Records contained in a dataset
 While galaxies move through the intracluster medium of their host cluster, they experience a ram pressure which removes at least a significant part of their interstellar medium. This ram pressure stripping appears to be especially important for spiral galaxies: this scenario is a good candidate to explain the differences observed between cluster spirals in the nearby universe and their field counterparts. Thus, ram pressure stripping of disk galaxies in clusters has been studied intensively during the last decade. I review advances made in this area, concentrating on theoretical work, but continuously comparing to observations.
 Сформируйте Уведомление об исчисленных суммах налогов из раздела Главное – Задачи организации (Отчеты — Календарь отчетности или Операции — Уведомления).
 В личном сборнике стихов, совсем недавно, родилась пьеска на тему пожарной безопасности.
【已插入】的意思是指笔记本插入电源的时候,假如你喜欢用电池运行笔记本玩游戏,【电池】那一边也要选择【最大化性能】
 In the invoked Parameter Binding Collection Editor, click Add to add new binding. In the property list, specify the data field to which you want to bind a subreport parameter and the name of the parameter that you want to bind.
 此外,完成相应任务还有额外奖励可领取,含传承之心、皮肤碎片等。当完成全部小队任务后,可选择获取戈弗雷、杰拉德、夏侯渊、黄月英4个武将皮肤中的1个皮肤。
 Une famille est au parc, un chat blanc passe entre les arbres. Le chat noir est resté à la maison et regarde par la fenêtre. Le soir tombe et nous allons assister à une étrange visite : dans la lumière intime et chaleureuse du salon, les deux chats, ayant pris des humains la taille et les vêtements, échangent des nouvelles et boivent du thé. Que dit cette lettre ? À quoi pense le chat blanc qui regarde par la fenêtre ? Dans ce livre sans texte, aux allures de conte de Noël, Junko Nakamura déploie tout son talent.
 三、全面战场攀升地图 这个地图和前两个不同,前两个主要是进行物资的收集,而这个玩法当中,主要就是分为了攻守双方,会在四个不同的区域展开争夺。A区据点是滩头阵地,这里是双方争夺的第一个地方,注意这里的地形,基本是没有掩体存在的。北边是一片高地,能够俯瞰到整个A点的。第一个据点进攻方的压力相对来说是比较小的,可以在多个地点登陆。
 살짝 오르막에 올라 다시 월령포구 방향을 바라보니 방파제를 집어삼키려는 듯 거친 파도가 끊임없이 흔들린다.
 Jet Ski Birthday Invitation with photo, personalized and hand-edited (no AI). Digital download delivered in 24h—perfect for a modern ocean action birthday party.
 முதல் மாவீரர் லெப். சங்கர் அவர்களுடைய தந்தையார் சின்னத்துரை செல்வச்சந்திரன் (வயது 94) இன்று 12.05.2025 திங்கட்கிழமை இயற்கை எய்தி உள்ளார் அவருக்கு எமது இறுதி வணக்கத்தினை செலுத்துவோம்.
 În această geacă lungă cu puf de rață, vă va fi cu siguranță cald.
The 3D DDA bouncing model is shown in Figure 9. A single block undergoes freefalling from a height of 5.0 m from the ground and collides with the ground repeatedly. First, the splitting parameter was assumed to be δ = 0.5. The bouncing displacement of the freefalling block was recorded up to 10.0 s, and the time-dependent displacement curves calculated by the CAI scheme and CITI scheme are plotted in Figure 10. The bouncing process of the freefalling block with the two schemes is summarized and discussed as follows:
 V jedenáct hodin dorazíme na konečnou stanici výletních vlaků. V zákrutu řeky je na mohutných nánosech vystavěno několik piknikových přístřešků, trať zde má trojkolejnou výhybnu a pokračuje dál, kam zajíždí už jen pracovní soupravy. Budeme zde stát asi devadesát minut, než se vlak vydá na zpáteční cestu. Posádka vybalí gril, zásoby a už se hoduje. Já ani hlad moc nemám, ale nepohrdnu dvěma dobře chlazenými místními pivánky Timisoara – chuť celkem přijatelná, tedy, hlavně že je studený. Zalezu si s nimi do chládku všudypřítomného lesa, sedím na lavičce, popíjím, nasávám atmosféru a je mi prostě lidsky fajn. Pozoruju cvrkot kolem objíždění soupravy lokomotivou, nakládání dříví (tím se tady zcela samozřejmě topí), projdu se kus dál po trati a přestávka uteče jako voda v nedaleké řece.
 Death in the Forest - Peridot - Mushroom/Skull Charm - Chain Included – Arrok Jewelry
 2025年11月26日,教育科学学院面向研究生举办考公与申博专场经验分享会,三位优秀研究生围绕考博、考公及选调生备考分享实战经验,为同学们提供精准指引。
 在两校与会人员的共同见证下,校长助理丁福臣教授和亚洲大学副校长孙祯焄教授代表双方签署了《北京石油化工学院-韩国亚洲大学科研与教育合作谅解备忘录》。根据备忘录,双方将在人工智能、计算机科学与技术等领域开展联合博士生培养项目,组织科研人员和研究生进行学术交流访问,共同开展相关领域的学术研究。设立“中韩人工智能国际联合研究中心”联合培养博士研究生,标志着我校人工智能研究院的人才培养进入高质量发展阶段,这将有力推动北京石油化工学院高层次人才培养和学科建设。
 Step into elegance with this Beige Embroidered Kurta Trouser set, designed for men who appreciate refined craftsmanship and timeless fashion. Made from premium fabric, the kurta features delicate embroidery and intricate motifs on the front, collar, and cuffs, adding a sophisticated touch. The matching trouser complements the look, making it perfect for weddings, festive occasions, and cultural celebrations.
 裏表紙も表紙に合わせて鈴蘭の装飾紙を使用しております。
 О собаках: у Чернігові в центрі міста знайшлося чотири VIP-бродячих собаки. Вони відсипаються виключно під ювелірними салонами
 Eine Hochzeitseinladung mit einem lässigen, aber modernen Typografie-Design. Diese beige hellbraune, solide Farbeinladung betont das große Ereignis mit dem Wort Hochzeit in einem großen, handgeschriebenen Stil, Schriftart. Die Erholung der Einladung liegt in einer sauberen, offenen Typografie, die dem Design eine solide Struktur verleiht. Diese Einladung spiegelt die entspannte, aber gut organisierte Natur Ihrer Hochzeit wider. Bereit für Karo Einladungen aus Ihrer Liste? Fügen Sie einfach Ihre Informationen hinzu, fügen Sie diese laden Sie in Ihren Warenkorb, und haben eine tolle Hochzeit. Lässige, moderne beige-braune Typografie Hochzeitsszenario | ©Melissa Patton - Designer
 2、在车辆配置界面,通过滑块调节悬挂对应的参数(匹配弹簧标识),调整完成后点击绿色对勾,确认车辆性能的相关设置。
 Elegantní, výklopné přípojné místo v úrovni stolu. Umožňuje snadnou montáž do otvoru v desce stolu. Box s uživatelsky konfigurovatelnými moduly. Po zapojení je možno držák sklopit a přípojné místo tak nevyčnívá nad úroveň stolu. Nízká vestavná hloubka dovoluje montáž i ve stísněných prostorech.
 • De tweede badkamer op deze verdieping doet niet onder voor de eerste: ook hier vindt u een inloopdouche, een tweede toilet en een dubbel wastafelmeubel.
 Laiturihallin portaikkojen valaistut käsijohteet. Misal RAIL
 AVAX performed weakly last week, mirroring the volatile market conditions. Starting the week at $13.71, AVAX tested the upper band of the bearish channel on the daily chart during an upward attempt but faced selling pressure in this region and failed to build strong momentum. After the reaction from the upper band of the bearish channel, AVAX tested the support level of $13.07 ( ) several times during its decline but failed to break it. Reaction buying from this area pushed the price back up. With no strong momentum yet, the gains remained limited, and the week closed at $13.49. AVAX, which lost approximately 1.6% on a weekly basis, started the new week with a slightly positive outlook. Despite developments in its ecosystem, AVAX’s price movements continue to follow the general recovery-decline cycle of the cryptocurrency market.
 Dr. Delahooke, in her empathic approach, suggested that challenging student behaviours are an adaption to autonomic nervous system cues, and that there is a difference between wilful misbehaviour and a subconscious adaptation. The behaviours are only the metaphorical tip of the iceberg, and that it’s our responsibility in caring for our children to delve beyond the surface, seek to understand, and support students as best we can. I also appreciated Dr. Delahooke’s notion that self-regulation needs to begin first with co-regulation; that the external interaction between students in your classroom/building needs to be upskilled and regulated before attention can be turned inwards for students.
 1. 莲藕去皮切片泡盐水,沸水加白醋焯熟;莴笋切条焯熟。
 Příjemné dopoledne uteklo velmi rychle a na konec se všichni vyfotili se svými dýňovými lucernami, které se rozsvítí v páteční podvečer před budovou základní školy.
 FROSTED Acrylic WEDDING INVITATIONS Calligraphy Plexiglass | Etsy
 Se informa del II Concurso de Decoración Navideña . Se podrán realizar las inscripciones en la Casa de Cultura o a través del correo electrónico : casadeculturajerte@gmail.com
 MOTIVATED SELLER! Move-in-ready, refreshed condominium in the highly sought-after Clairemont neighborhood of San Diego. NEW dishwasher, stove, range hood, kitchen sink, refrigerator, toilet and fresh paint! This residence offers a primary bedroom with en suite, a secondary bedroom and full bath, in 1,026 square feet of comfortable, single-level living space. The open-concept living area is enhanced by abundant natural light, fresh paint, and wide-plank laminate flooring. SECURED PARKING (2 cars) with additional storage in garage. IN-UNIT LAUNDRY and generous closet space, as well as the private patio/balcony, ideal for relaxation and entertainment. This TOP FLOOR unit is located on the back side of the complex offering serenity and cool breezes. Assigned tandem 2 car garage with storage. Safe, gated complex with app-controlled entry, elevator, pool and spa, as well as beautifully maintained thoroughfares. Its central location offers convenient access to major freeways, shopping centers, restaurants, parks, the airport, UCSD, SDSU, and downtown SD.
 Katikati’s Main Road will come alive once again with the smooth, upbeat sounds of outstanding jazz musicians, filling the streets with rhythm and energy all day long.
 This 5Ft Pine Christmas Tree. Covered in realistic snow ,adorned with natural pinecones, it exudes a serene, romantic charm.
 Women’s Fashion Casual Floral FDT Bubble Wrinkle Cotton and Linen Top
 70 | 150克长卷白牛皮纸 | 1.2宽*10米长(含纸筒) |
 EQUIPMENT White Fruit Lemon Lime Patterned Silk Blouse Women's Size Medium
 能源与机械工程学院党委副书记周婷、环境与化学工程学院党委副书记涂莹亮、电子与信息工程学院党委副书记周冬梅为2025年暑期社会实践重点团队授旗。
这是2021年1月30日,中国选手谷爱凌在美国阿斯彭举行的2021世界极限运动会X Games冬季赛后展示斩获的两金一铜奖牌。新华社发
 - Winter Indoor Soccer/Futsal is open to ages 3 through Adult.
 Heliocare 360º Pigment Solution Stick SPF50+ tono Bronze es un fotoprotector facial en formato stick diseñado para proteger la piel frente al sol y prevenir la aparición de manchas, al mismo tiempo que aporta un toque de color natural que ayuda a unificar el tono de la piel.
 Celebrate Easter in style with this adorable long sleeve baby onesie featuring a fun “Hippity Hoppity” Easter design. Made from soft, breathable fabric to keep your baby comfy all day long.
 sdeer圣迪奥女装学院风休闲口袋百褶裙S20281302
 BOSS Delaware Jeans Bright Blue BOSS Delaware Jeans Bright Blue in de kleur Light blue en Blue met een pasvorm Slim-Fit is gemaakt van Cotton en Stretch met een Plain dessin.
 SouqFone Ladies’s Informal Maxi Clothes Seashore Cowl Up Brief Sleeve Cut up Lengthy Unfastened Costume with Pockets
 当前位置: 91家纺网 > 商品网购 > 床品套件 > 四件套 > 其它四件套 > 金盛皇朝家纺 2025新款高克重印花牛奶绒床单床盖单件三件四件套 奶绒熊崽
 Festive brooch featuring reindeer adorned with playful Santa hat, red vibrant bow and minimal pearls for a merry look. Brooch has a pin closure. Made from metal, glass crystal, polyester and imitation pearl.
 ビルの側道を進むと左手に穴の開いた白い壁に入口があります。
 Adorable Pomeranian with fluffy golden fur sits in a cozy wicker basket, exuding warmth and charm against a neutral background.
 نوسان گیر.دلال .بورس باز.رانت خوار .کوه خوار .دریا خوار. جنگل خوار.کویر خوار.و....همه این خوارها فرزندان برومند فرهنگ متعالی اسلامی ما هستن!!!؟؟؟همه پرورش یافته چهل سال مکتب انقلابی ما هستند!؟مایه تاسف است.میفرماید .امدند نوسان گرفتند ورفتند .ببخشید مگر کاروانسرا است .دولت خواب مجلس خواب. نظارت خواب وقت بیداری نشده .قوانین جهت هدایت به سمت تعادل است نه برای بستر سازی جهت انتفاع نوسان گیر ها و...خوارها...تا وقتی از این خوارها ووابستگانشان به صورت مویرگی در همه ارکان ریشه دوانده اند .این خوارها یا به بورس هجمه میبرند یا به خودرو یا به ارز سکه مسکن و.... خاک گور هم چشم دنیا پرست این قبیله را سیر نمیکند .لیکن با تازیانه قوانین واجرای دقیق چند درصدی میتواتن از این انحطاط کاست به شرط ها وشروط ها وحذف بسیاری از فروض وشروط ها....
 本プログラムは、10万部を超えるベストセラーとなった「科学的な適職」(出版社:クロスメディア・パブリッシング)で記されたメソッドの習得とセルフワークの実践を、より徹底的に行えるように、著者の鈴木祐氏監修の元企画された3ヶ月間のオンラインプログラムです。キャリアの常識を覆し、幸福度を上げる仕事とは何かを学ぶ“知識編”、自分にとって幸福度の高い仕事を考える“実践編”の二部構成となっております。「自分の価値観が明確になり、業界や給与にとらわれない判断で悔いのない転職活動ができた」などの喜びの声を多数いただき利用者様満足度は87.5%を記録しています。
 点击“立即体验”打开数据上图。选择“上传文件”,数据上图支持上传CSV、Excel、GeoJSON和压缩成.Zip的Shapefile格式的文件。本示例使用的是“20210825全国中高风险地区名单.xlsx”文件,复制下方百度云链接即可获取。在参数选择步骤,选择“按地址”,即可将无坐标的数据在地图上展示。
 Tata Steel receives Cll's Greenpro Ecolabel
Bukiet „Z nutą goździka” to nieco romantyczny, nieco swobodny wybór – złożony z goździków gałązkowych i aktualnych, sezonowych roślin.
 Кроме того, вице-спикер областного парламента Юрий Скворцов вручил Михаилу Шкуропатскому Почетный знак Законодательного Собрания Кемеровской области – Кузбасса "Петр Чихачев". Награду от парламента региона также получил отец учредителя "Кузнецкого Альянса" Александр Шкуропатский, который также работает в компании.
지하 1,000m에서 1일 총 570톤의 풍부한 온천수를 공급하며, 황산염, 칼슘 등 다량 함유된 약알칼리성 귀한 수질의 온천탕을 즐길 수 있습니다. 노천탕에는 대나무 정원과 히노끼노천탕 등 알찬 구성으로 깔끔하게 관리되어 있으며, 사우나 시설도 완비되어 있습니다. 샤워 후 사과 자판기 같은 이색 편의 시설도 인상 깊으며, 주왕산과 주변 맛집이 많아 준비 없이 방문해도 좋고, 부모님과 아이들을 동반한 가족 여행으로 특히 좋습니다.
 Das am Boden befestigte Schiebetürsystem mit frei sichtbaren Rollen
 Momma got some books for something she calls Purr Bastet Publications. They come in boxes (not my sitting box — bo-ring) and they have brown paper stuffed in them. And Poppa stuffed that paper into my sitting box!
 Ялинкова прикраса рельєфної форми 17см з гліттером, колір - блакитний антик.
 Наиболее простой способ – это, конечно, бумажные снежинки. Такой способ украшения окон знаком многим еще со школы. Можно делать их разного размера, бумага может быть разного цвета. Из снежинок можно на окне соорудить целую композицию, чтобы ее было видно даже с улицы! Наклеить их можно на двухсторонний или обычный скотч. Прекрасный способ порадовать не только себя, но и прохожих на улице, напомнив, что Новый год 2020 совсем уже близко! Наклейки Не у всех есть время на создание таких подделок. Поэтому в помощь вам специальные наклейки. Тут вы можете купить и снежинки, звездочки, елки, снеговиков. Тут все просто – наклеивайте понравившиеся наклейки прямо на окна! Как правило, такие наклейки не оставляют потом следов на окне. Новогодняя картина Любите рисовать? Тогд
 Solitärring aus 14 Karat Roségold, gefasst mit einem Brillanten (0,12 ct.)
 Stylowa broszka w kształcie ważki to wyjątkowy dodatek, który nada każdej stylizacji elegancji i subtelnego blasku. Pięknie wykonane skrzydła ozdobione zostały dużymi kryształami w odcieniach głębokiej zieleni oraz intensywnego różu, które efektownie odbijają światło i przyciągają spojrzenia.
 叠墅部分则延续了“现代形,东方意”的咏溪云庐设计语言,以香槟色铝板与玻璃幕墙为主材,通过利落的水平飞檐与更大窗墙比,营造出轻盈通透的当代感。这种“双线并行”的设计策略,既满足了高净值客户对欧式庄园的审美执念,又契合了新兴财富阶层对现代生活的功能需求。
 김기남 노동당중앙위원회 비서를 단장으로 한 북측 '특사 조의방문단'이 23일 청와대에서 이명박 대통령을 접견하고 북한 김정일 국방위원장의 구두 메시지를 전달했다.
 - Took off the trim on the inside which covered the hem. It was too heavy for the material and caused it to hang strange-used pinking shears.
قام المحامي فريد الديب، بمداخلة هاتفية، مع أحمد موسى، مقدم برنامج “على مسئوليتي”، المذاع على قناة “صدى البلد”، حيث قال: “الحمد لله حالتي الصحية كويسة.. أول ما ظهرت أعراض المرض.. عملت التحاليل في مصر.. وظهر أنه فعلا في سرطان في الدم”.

PROBLEM STATEMENT:
Return only the lines between the one holding "Festive brooch featuring" and the one holding "ビルの側道を進むと左手に穴の開いた白い壁に入口があります。", inclusive, exactly as they appear above.

RESULT OF THIS EXERCISE:
 Festive brooch featuring reindeer adorned with playful Santa hat, red vibrant bow and minimal pearls for a merry look. Brooch has a pin closure. Made from metal, glass crystal, polyester and imitation pearl.
 ビルの側道を進むと左手に穴の開いた白い壁に入口があります。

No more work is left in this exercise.